臺灣山茶 táiwān shānchá, Camellia formosensis — thé sauvage de montagne de l’île, poussant dans les forêts des communautés autochtones. Dans le 諸羅縣志 Zhūluó xiànzhì de 1717, le 水沙連茶 shuǐshālián chá est décrit : le thé des monts Shuishalian est abondant, par le goût et la couleur proche de celui de Songluo, mais les sentiers sont dangereux, les Han craignaient d’y aller et n’en connaissaient pas la méthode de préparation, et on y lit aussi que si l’on embauchait les montagnards pour cueillir la feuille et qu’on la traitait selon la méthode de Wuyishan, on obtiendrait mieux. La première reconnaissance approfondie du thé sauvage à Meiyuanshan date de 1935 ; en 2021, le service forestier a inscrit le 臺灣山茶 au registre des cultures agroforestières, et le thé sauvage de montagne est aujourd’hui devenu un produit de spécialité des communautés — notamment du village bunun de Baoshan à Kaohsiung et des exploitations du canton de Ren’ai à Nantou, à des altitudes de 1400–1780 m.

Pousse au sommet

Une feuille droite de thé sauvage de montagne : limbe coriace et rigide, déployé À PLAT dans toute sa largeur face au spectateur, aux dents nettement marquées sur le bord et à la nervure centrale enfoncée, relevée presque verticalement et légèrement inclinée vers l’arrière — feuille du sommet d’un arbre redevenu sauvage. Elle se distingue des Han par l’orientation : là, la feuille se tient SUR LA TRANCHE, en lame étroite aux bords étroitement enroulés, ici le limbe est visible sur toute sa surface et les dents se lisent sur la marge ; la feuille posée horizontalement est celle des Wa, celle-ci se dresse.

Couvre-chef

Simple chapeau de campagne de cueilleur : vannerie peu profonde en éclisses de bambou refendu d’un ton paille chaud, ajustée au crâne, lisse sur toute sa surface, objet de tous les jours ; sur le bord inférieur, une étroite bordure tressée SOMBRE, qui interrompt le champ clair. Des deux bords part un fin cordon, se rejoignant en UN point sous le menton. Une fente pour la feuille est taillée dans le sommet et surjetée d’un ruban sombre, la feuille sort en biais vers l’arrière.

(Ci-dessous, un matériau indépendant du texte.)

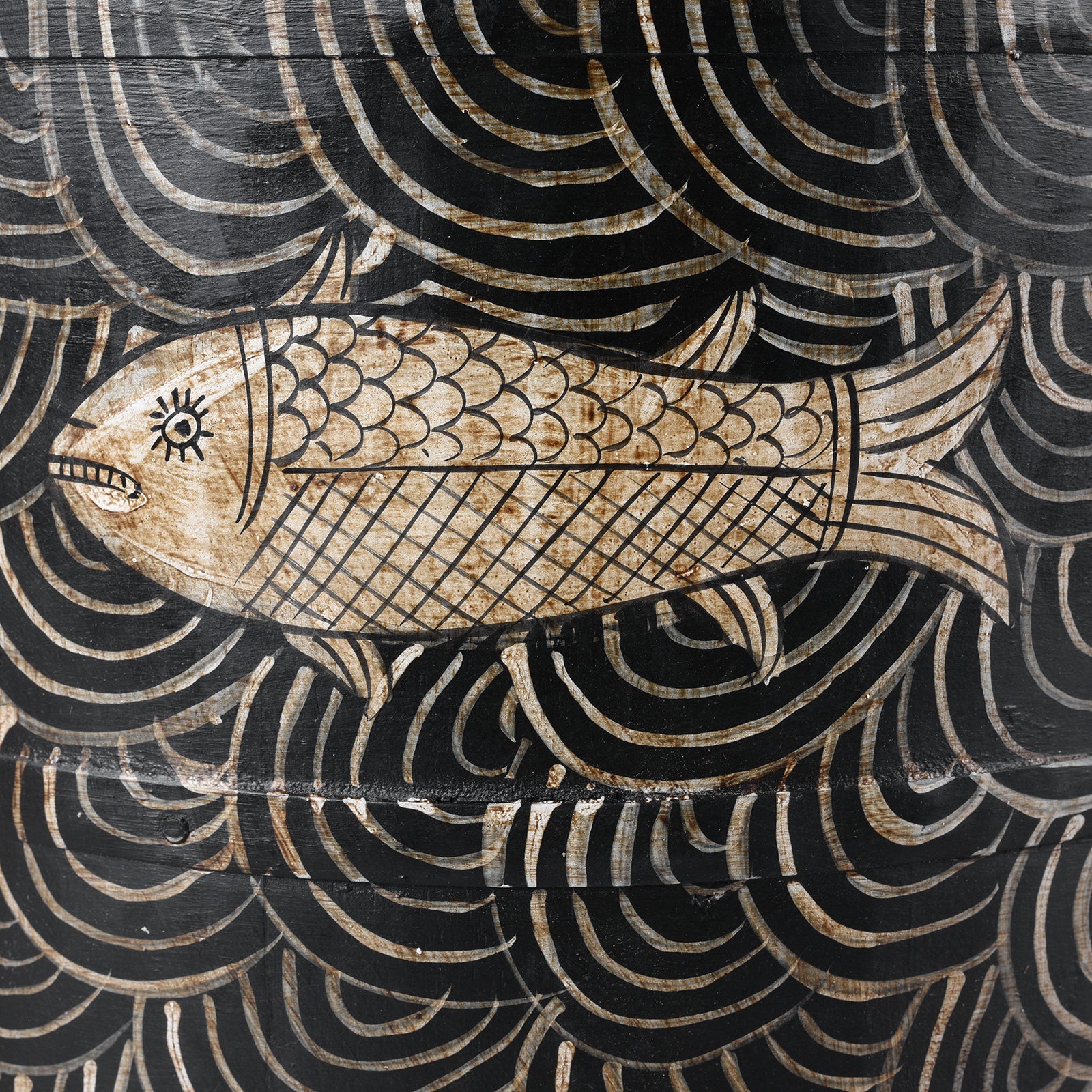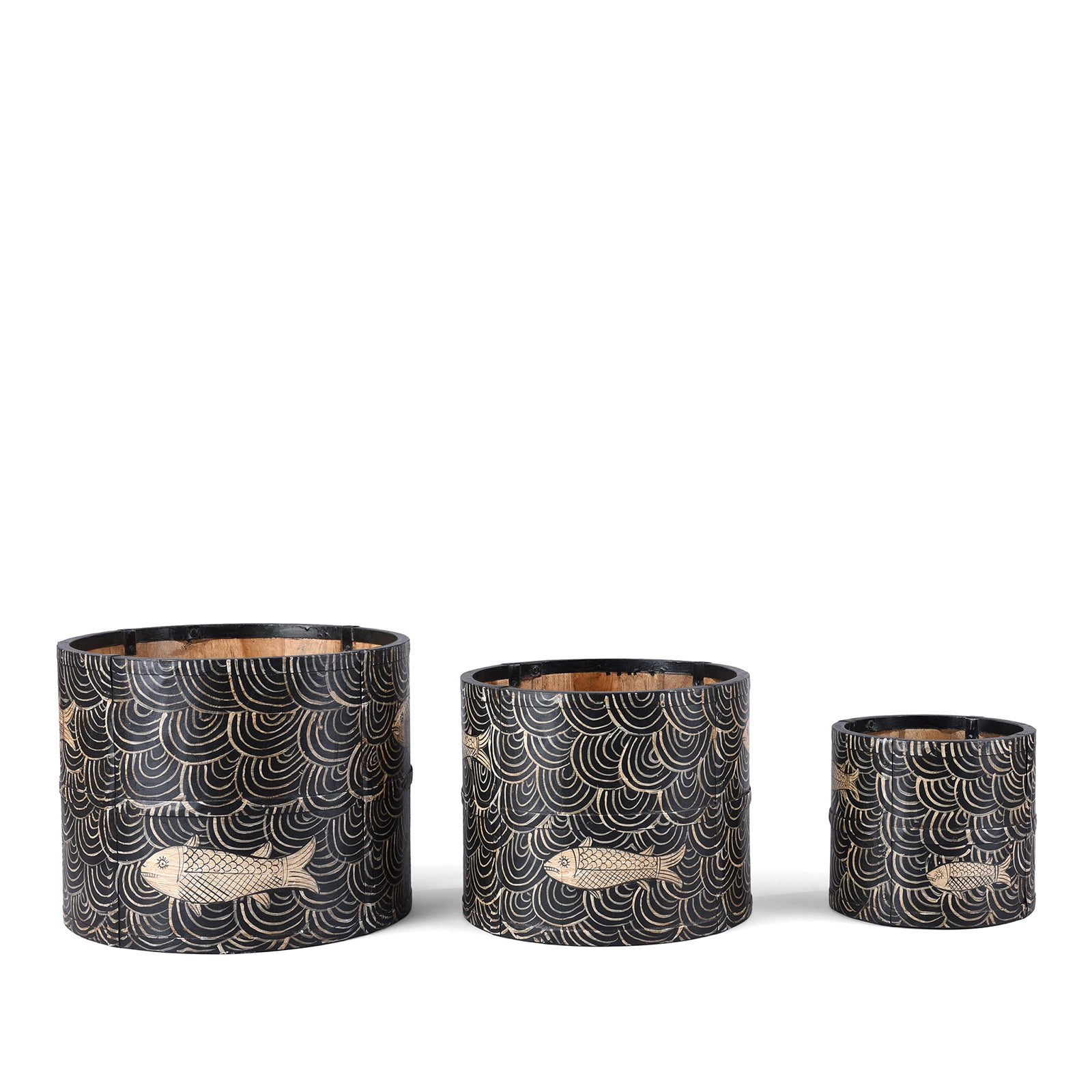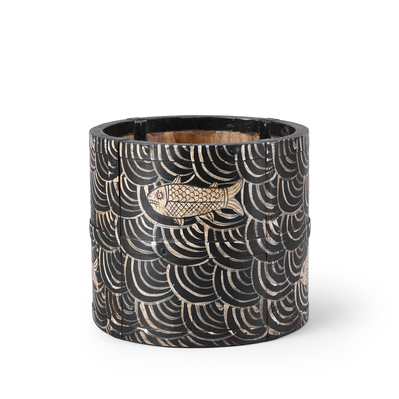 These distinctive hand-painted wooden bins are styled on traditional Indian grain measures (paila), once used to scoop and store grain in rural markets. Hand-carved from solid wood and bound with iron, each piece is adorned with flowing jali-style wave patterns and a stylised gold-painted fish€”a symbol of abundance and luck in Indian folklore.

Contour à 6 mm. Capote à cordon : petit chapeau de vannerie fine plus deux cordons, convergeant en coin vers un point sous le menton. Seul couvre-chef de la série dont la silhouette SE FERME en triangle sous le visage : chez les Mongols, les côtés sont plaqués contre la calotte, le bord sur le front est régulier, et toute la verticale de la silhouette tient dans la louche de coulée ; chez les Jing, le cordon est unique et fin, il ne fait que nouer le chapeau et ne donne pas de figure fermée sous le visage. Il se distingue de celui d’Anji précisément par ce coin et par l’absence de bord lobé, de celui de Dongxiang par le fait que les appendices sont fins et convergent, au lieu de pendre en deux masses rigides sur les pommettes, de celui des Bouyei par le fait que les extrémités CONVERGENT en un point, au lieu de s’écarter en déploiement.

Vêtement

Chemise courte tissée sans manches à étroite bordure rayée, sac de ceinture de cueilleur, bandes molletières.

Palette

Éclisses de bambou paille du chapeau, toile écrue de la chemise, étroite bordure rouge-brun, feuille rigide vert foncé.